Poderiam ser, portanto, apontadas como algumas vantagens da arbitragem: a rapidez com a qual é dada a solução do litígio pelo árbitro, já que o mesmo tem de obedecer a um prazo estipulado pelas partes para a prolação da sentença, que irá variar de acordo com a complexidade das questões (no silêncio das partes este prazo é de 6 (seis) meses); simplicidade de seus procedimentos, que não são dotados de tanto rigor formal, nem passam pela burocracia dos processos judiciais; menos dispendioso, na medida em que os árbitros são particulares eleitos pelas partes e há a negociação quanto aos seus honorários; decisão mais precisa, já que os árbitros são especialistas na matéria que está sendo objeto de debate; há uma flexibilidade maior quanto aos caminhos para decidir o litígio, já que o árbitro não está adstrito à lei, podendo optar por outras hipóteses legais como a aplicação dos costumes, eqüidade, princípios gerais do direito (desde que não fira a ordem pública e os bons costumes); a ausência do requisito da publicidade das decisões faz da arbitragem um processo sigiloso, mais vantajoso para as partes que não desejam a exposição das suas avenças; irrecorribilidade da sentença arbitral (que pode ser determinada pelas partes). 55

Se, por um lado, expusemos algumas das vantagens da arbitragem, não podemos, no entanto, deixar de comentar algumas de suas desvantagens que podem ser demonstradas como alguns pontos negativos trazidos pela Lei 9.307/96.
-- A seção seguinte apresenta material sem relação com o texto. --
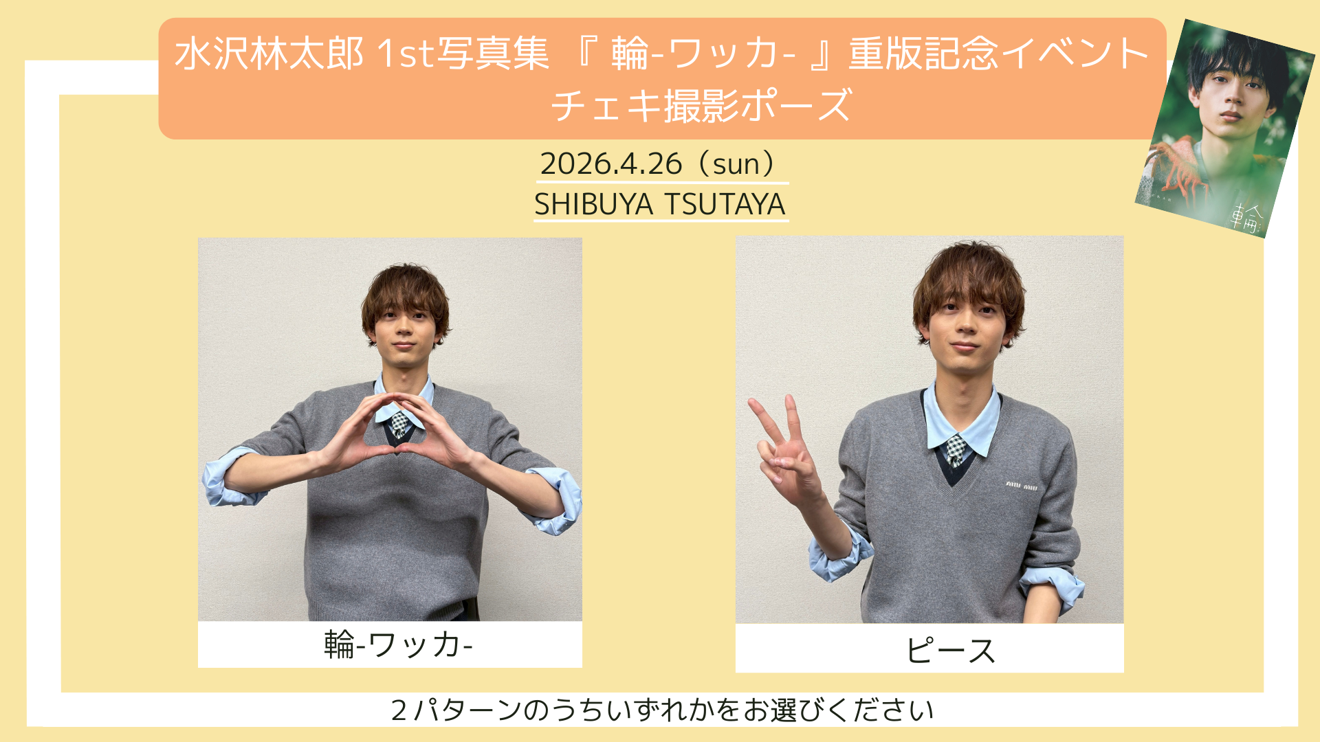 ※チェキ撮影ポーズはお客様自身で指定はできません。ポーズは「輪-ワッカ-」か「ピース」のうち、いずれか1ポーズをお選びいただけます。(ポーズの詳細は下の画像をご参照ください)
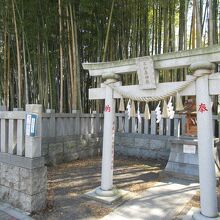 竹林の中に小さな社殿が建っています
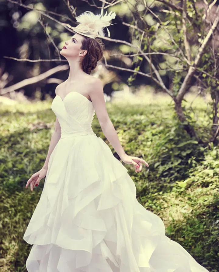 If you're into a fuss-free look or simply looking to cut the cost of your wedding dress, skip the embellishments. Instead, dress up your look with textures, pleats, tiers and ruffles, as well as accessories, like a statement headpiece.
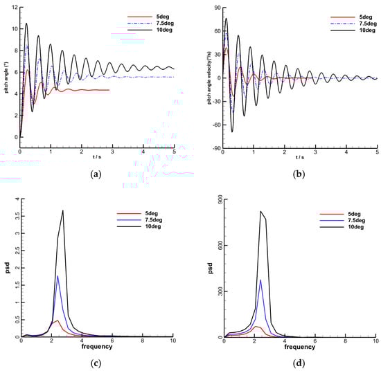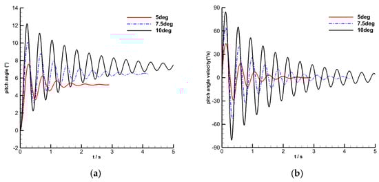 Figure 22 shows the variation in the pitch angle and the pitch angular velocity of the rigid model under the three preset rudder declination angles. When the rudder angle is 5°, the equilibrium angle is minimized at 4.3°; at a rudder angle of 7.5°, the equilibrium angle is 5.5°; and at a rudder angle of 10°, the equilibrium angle reaches its maximum value of 6.5°, the equilibrium angle of attack for the three rudder deflection angles differs by approximately 1°. It can be seen that for the rigid model, the larger the preset rudder deflection angle, the faster the response of the pitch motion of the aircraft, the more time it takes to reach the convergence state, and the larger the convergence angle when the equilibrium state is finally reached. At the same time, the spectrum analysis reveals that as the rudder deflection angle increases, both the amplitude and dominant frequency of the pitch angle response also increase, and the higher dominant frequency results in a shorter response period.
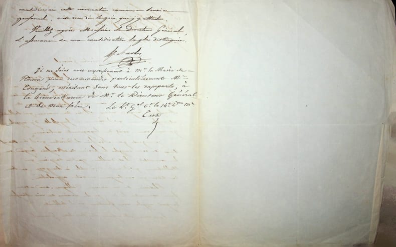 Henry Barbet (1789-1875), industriel, député maire de Rouen ; François-Antoine Teste (1775-1862), général. L.A.S., sd, 1p 1/2 in-4. A Jean-Baptiste Teste (1780-1852), avocat, ministre, député, frère du général Teste. Longue lettre de recommandation pour un officier de marine, Tougard, pour une place au Havre. Le courrier est écrit par Barbet qui signe, suivi d'un petit message du général Teste, signé aussi, à l'adresse de son frère. [487]
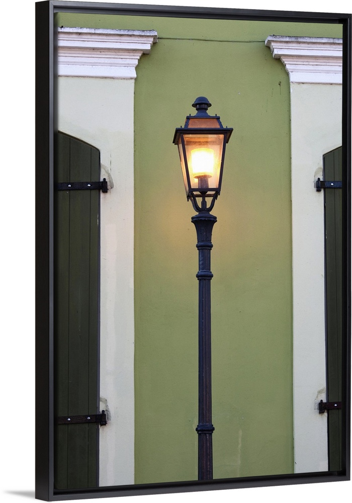 <p>Puerto Rico, West Coast, San German, Plaza Francisco Mariano Quinones, streetlight and colonial building</p>
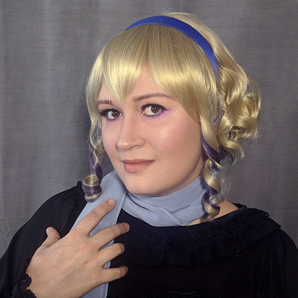 A stylish option for when you really need to get down to rebuilding your family name, our Connie wig is a mixture of our Jane with two longer, fashionable side-curls. The base colors in this wig are Classic Champagne CL-055A on top with an underlayer of Silky SI-019 Heather Purple. Because of this blending of Classic and Silky fibers together, if you need to restyle this wig we recommend temps no higher than 300-320 degrees fahrenheit.
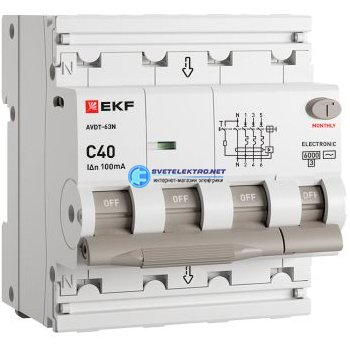 Автоматический выключатель дифференциального тока АВДТ-63N 3P+N 40А 100мА характеристика тип электронный 6кА PROXIMA, код D63N46E40C100, производитель EKF
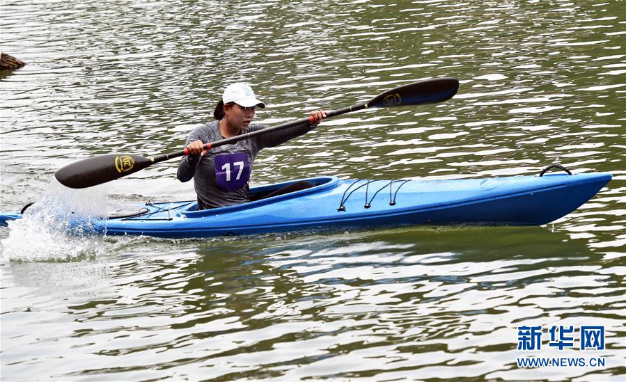 4月5日,女子组6公里挑战赛冠军云南队选手方翠(中)、亚军四川攀枝花队选手王莉(右)和第三名四川队选手李雯在领奖台上。当日,在云南省勐腊县望天树风景区南腊河举行的2017全国皮划艇勐腊热带雨林挑战赛闭幕。
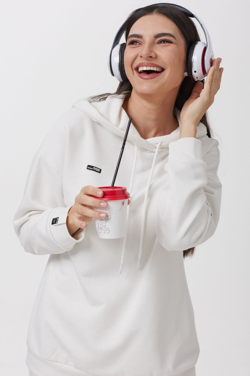 Худи прямого свободного силуэта со спущенным плечом и втачным рукавом. По груди и в области плеча -декоративные нашивки. Низ худи и низ рукава обработан притачной манжетой. Горловина худи с капюшоном, который регулируется декоративным шнурком.
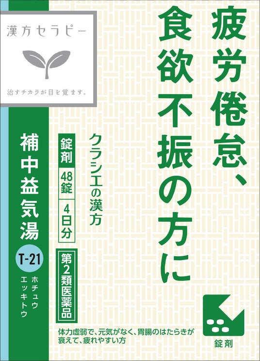「補中益気湯」は、身体のエネルギーである「気(き)」の量が不足した「気虚(ききょ)」体質の方におすすめの漢方薬です。「気虚」になると、常にエネルギー不足の状態になるため、疲れを感じやすくなります。「補中益気湯」は胃腸を元気にすることで、飲食物の消化吸収機能を高めて、「気」の生成を促し、疲労倦怠を改善します。
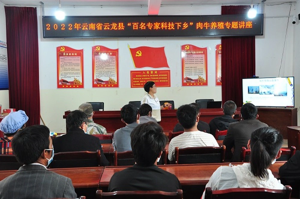 5月20日下午,云龙县科普大篷车开进白石镇顺荡村,开展2022年云南省云龙县“百名专家科技下乡”肉牛养殖专题培训。
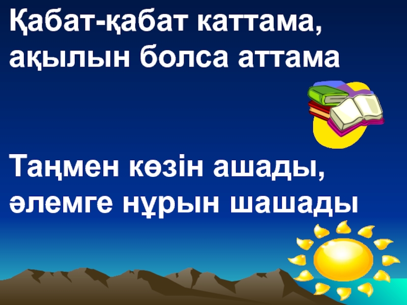 Қабат-қабат каттама, ақылын болса аттама Таңмен көзін ашады, әлемге нұрын шашады
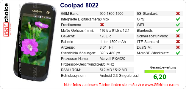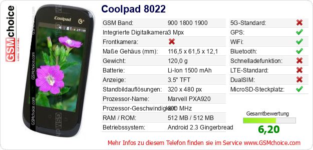 Hast du eigene Webseite? Willst du die Informationen über Standarddaten des Handys Coolpad 8022 irgendwo veröffentlichen? Das ist sehr einfach. Du kannst das Bild herunterladen oder kopieren und auf der Webseite folgenden Code hinzufügen:Das Einfügen von diesem Code verursacht das Anzeigen von dem folgenden Bild:
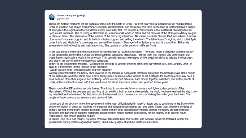 Il ministro degli Esteri israeliano Gideon Sa’ar, commentando lo storico evento della firma del trattato di pace Israele-Hamas a Sharm el Sheik l’8 ottobre 2025, ha scritto su X:
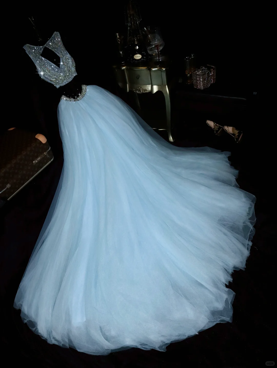 Shiny A Line V Neck Two Piece Beaded Baby Blue Tulle Long Prom Dress Evening Dress HZ1023
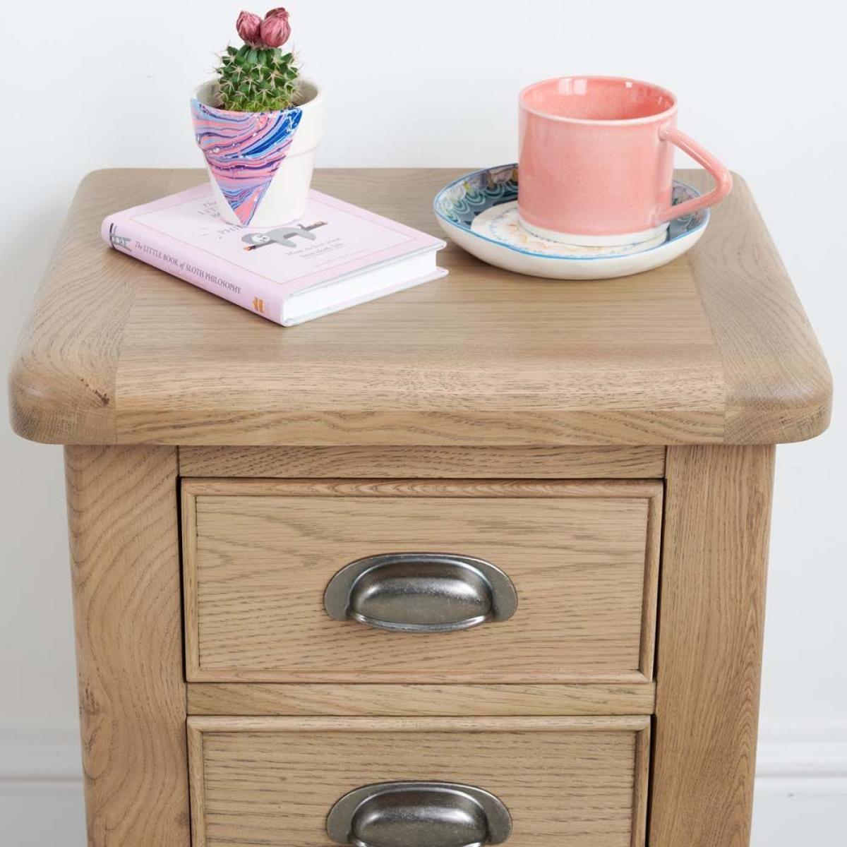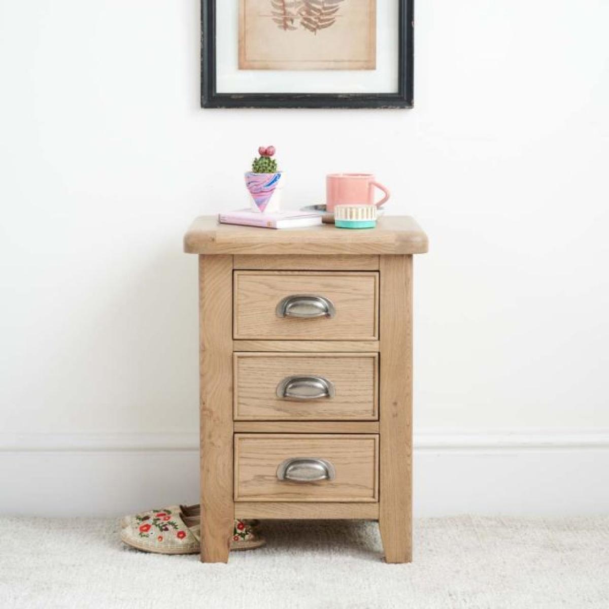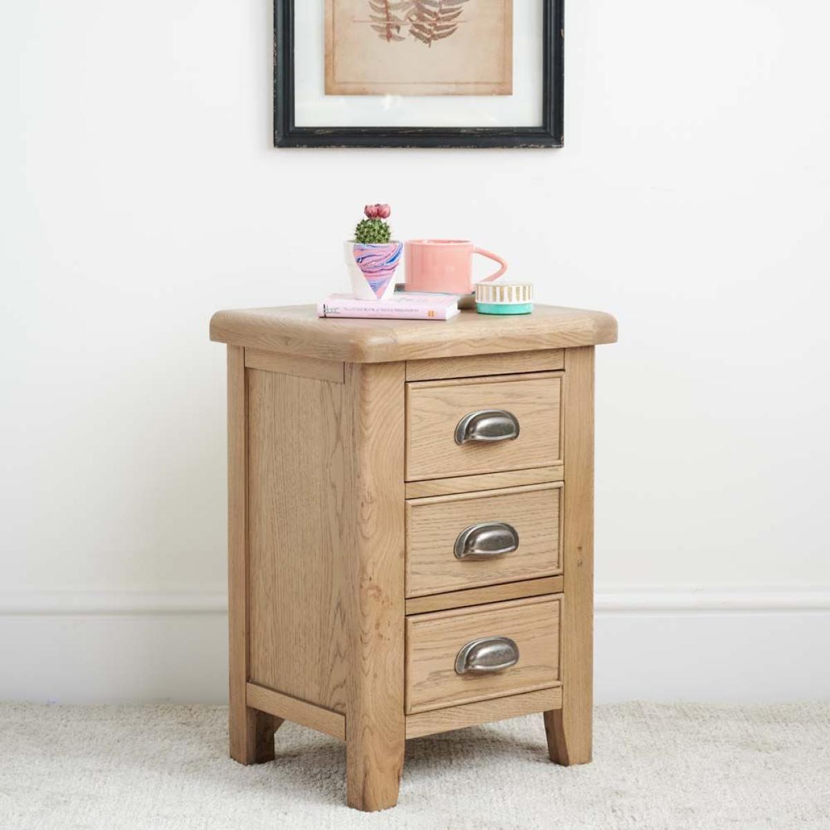 The Hudson Bedside Chest is a small chest, perfect for use where space around the bed is at a premium. It features three small drawers with cup handles and is crafted from solid oak and oak veneers. The corners are smoothed into curves and this little piece really lets the natural wood tones shine through. Three drawers. Solid Oak amp; Oak Veneers construction. Dimensions: H58cm x W42cm x D32cm Simple self assembly
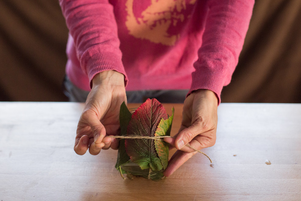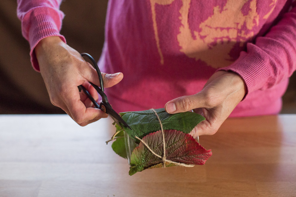 4. Nouez une ficelle rustique autour des feuilles. Cela permet de s’assurer que ces dernières sont bien collées et la ficelle ajoute aussi une note décorative au vase.
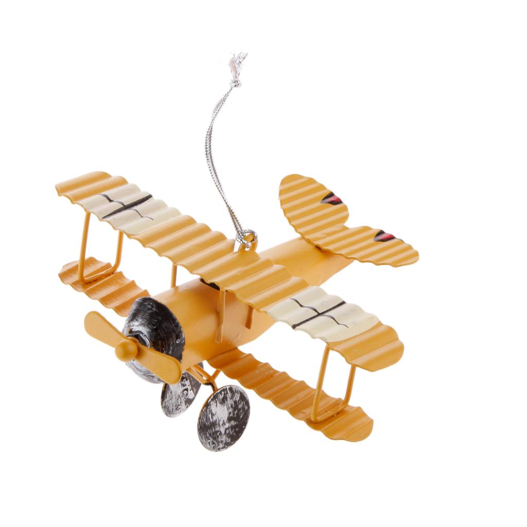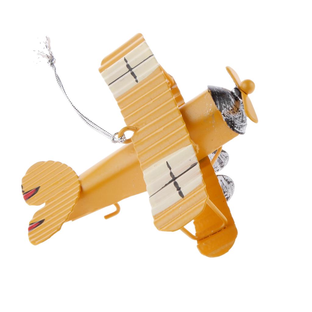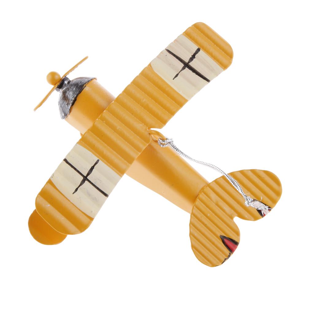 Metal Aircraft Model Biplane Toy Home Cafe Decor Kids Collectibles Yellow S
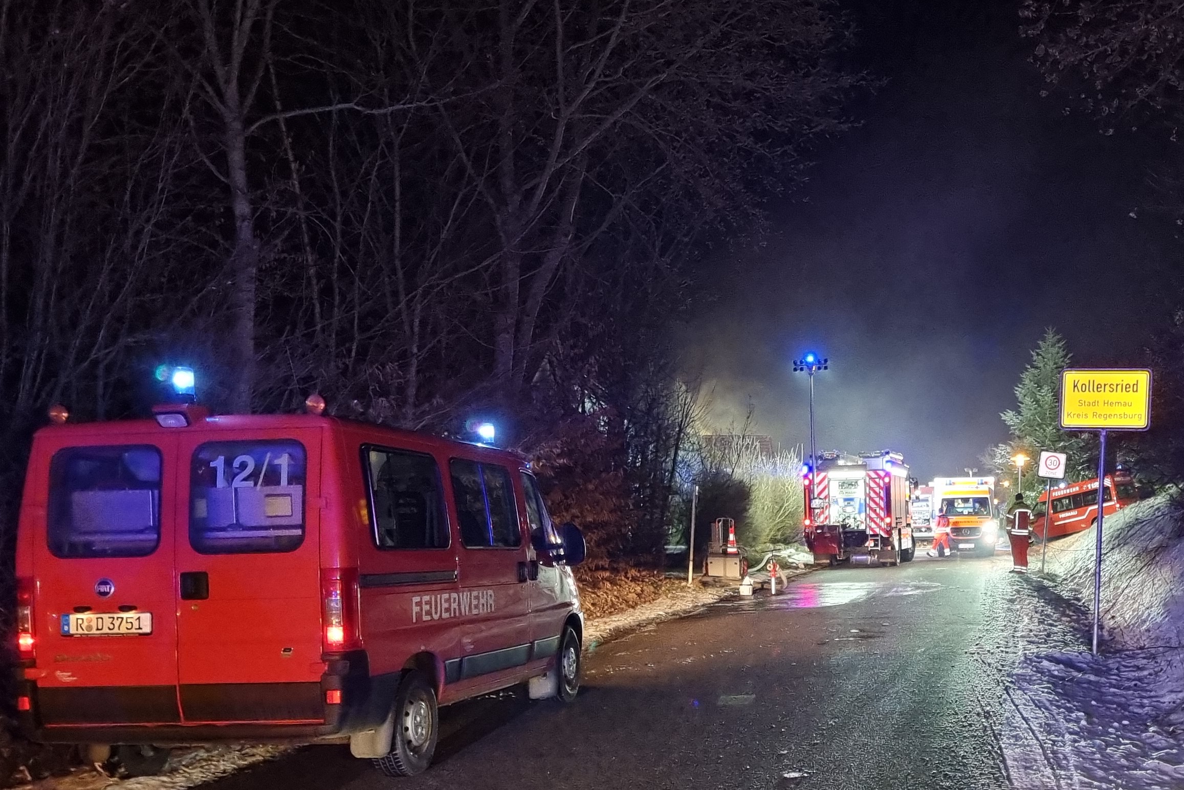(ty) Das Erdgeschoss und das Obergeschoss eines Einfamilienhauses in Kollersried, einem Ortsteil von Hemau (Landkreis Regensburg), sind am gestrigen Abend komplett ausgebrannt. Der 56 Jahre alte Bewohner des Gebäudes musste, unter anderem wegen einer Rauchvergiftung, in ein Krankenhaus gebracht werden. Über die genaue Höhe des Schadens, der durch das Feuer entstanden ist, ist noch nichts bekannt. Ebenso unklar ist nach Angaben der örtlich zuständigen Polizeiinspektion aus Nittendorf bislang die Ursache für das Unglück.
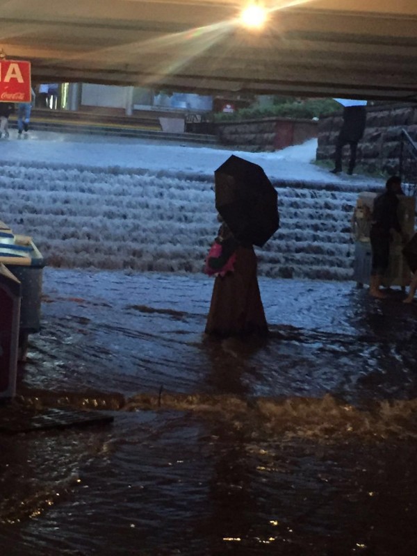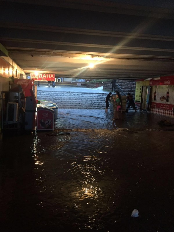 Подземный переход на пересечении улиц Жибек Жолы - Фурманова полностью затоплен водой. Пешеходы едва передвигаются сквозь потоки воды.
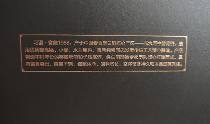 喝了很多种酱香酒,觉得习酒窖藏1988真的是酱香的守门员,入口酱香非常浓,酒倒出来就明显的感觉到酱香味十足,入口不揉也不裂刚刚好。这款酒非常适合收藏,放一放酱味更足。
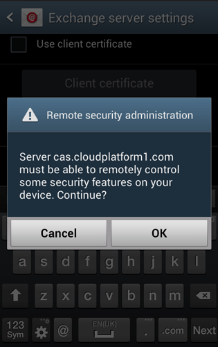 The phone will then check the Exchanges Server settings and display the Remote Security Administration message;
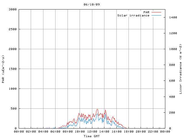 The PML meteorological station, situated on the south-west corner of the building roof, consists of a Hygroclip S3 temperature and humidity sensor housed in a radiation shield, a Mierij Meteo solid state wind sensor (MMW-005), a Chelsea instruments half-hemisphere PAR sensor, a Li-Cor pyranometer (LI-200SZ) and an Omni Instruments 6" tipping bucket raingauge (RG200). The data are logged every 5 minutes using a Pace Scientific XR5 data logger. The real-time rainfall data is likely in error - the correct values will be displayed after a time lag of approximately 24 hours. The meteorological station is sheltered from winds in the north-east and underestimates winds from this quarter. To use these data please contact Dr Tim Smyth.
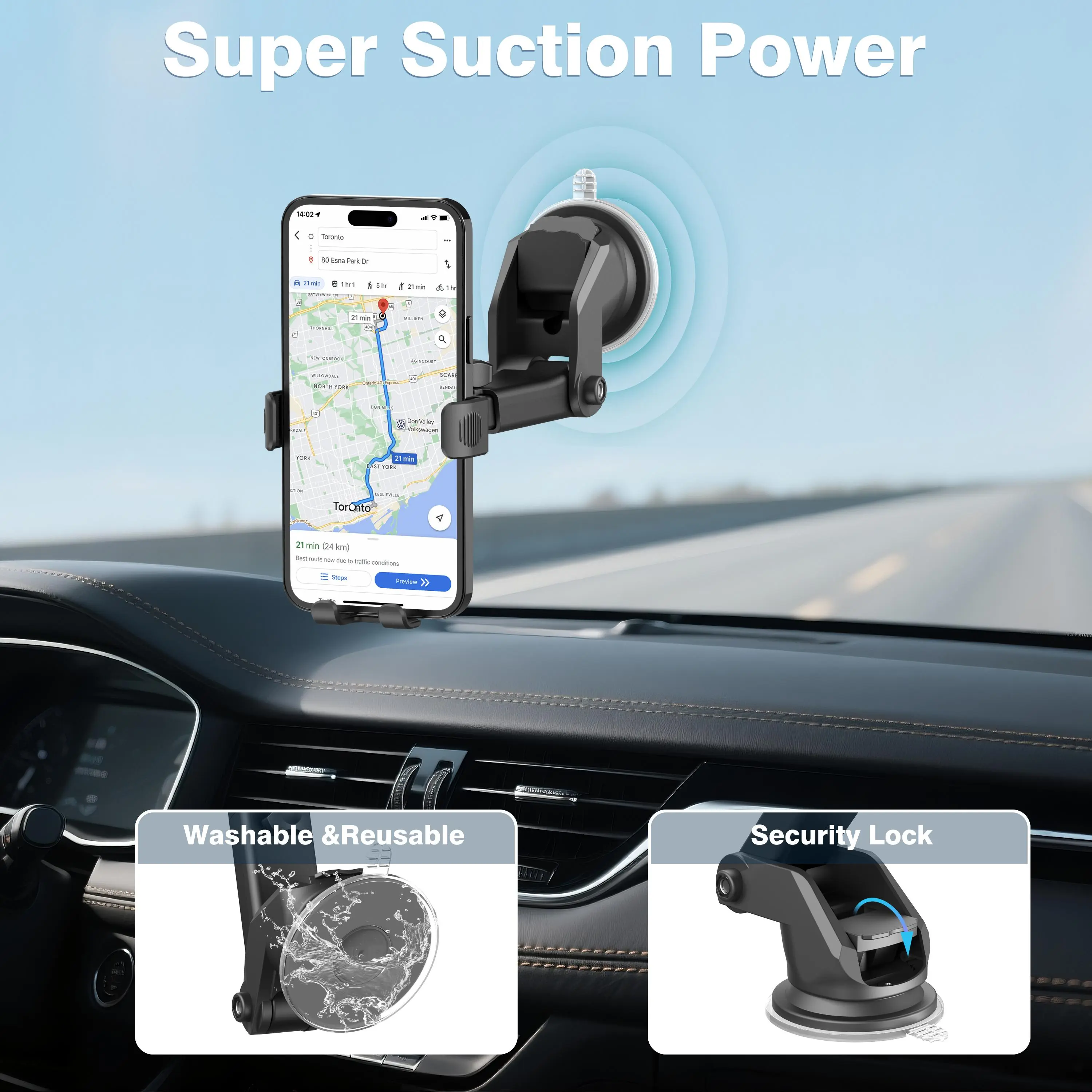 360° Adjustable Mount • Ball joint for perfect viewing angles • Single-knob tightening system • Mounts on vent, windshield, or dashboard

55 SANTOS, Ricardo Soares Stersi. As vantagens da arbitragem. In: Revista do Instituto da Pesquisas e Estudos. Divisão Jurídica. Bauru: Instituição Toledo de Ensino, n° 22, pp. 273-275, 1998.

A primeira delas é o fato de a irrecorribilidade da sentença arbitral ser apontada como reflexo da celeridade do procedimento arbitral. A decisão arbitral dá-se apenas em uma única instância, não cabendo recurso quanto ao mérito ao Poder Judiciário (exceto nos casos de ação anulatória e embargos do devedor, conforme analisaremos posteriormente).

Por outro lado, os árbitros podem ser bons especialistas nas práticas que estiverem analisando, mas aos mesmos podem não ser dotados de conhecimento jurídico, o que pode, por vezes dificultar o julgamento.

A sentença arbitral, apesar de constituir um título executivo, se descumprida pela parte vencida, não pode ser auto-executada. A parte vencedora terá que ingressar no Poder Judiciário para executar a decisão. Neste caso, apesar de não ser mais discutido o mérito da questão levada à arbitragem – salvo se a decisão arbitral for nula –, a execução judicial fica submetida aos procedimentos judiciais ordinários ou seja, suscetível a recursos, medidas protelatórias, etc.